Task description ▸
Give back the records that follow exactly, images excluded.

>>>

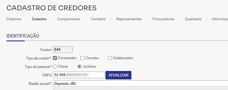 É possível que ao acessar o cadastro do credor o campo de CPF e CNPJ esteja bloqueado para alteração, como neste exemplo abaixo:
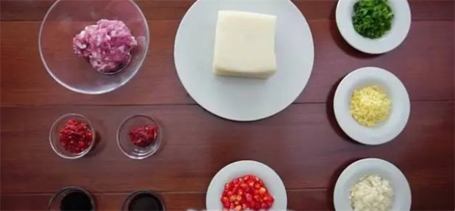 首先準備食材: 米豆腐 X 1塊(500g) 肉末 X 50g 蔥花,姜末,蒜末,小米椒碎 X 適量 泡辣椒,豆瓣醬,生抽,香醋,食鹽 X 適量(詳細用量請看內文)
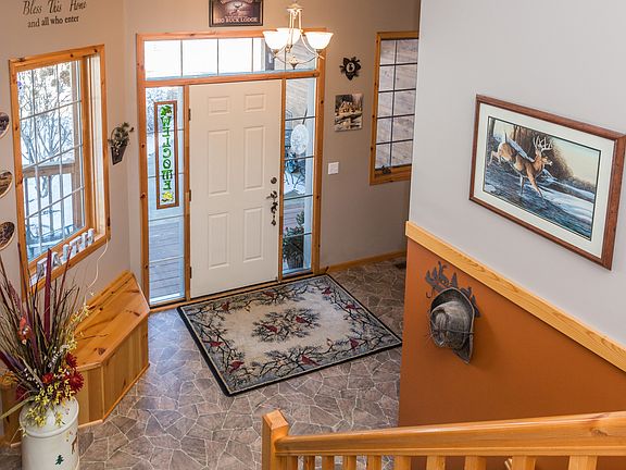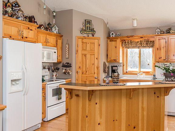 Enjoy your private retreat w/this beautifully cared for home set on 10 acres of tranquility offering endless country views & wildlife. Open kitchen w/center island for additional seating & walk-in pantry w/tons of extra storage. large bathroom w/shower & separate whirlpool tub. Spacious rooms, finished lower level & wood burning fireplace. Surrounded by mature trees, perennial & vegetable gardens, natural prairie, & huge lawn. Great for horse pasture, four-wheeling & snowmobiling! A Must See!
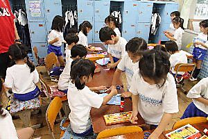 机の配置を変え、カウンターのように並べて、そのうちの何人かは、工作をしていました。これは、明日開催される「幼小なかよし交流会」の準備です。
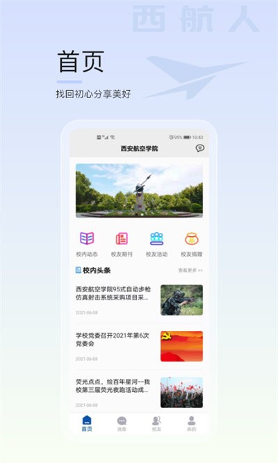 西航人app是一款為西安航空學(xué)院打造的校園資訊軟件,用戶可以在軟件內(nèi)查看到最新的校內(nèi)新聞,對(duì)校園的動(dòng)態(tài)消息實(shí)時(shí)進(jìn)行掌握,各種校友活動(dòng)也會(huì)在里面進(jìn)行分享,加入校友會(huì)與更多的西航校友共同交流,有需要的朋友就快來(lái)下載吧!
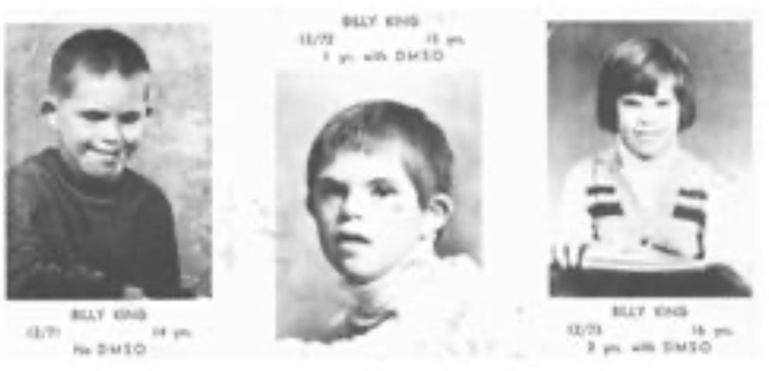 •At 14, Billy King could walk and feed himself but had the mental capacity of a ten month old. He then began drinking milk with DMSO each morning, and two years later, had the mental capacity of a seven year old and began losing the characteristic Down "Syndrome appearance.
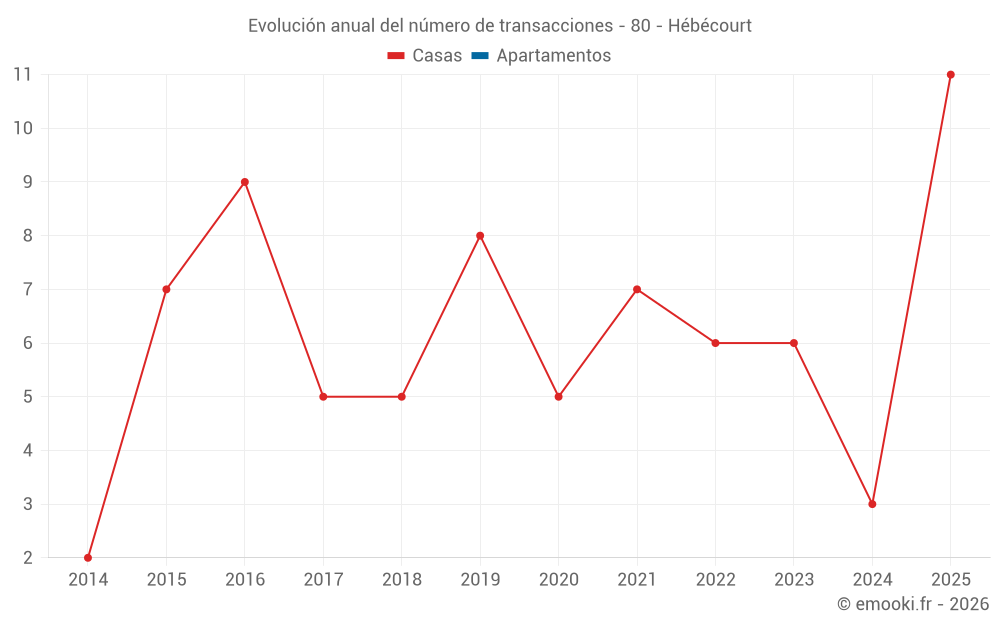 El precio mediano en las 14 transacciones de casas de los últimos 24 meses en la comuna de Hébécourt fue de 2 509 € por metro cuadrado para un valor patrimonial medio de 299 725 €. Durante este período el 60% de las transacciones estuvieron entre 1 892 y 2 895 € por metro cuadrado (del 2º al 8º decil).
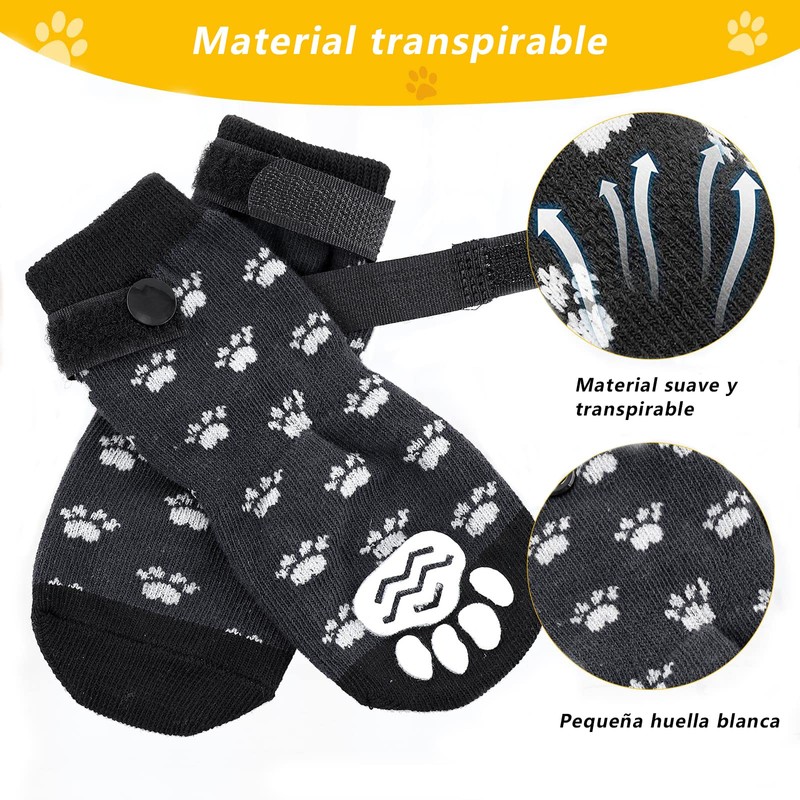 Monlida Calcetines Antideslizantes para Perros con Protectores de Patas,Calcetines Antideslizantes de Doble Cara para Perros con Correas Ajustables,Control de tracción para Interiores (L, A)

<<<

Answer to this exercise ▸
 É possível que ao acessar o cadastro do credor o campo de CPF e CNPJ esteja bloqueado para alteração, como neste exemplo abaixo:
 首先準備食材: 米豆腐 X 1塊(500g) 肉末 X 50g 蔥花,姜末,蒜末,小米椒碎 X 適量 泡辣椒,豆瓣醬,生抽,香醋,食鹽 X 適量(詳細用量請看內文)
 Enjoy your private retreat w/this beautifully cared for home set on 10 acres of tranquility offering endless country views & wildlife. Open kitchen w/center island for additional seating & walk-in pantry w/tons of extra storage. large bathroom w/shower & separate whirlpool tub. Spacious rooms, finished lower level & wood burning fireplace. Surrounded by mature trees, perennial & vegetable gardens, natural prairie, & huge lawn. Great for horse pasture, four-wheeling & snowmobiling! A Must See!
 机の配置を変え、カウンターのように並べて、そのうちの何人かは、工作をしていました。これは、明日開催される「幼小なかよし交流会」の準備です。
 西航人app是一款為西安航空學(xué)院打造的校園資訊軟件,用戶可以在軟件內(nèi)查看到最新的校內(nèi)新聞,對(duì)校園的動(dòng)態(tài)消息實(shí)時(shí)進(jìn)行掌握,各種校友活動(dòng)也會(huì)在里面進(jìn)行分享,加入校友會(huì)與更多的西航校友共同交流,有需要的朋友就快來(lái)下載吧!
 •At 14, Billy King could walk and feed himself but had the mental capacity of a ten month old. He then began drinking milk with DMSO each morning, and two years later, had the mental capacity of a seven year old and began losing the characteristic Down "Syndrome appearance.
 El precio mediano en las 14 transacciones de casas de los últimos 24 meses en la comuna de Hébécourt fue de 2 509 € por metro cuadrado para un valor patrimonial medio de 299 725 €. Durante este período el 60% de las transacciones estuvieron entre 1 892 y 2 895 € por metro cuadrado (del 2º al 8º decil).
 Monlida Calcetines Antideslizantes para Perros con Protectores de Patas,Calcetines Antideslizantes de Doble Cara para Perros con Correas Ajustables,Control de tracción para Interiores (L, A)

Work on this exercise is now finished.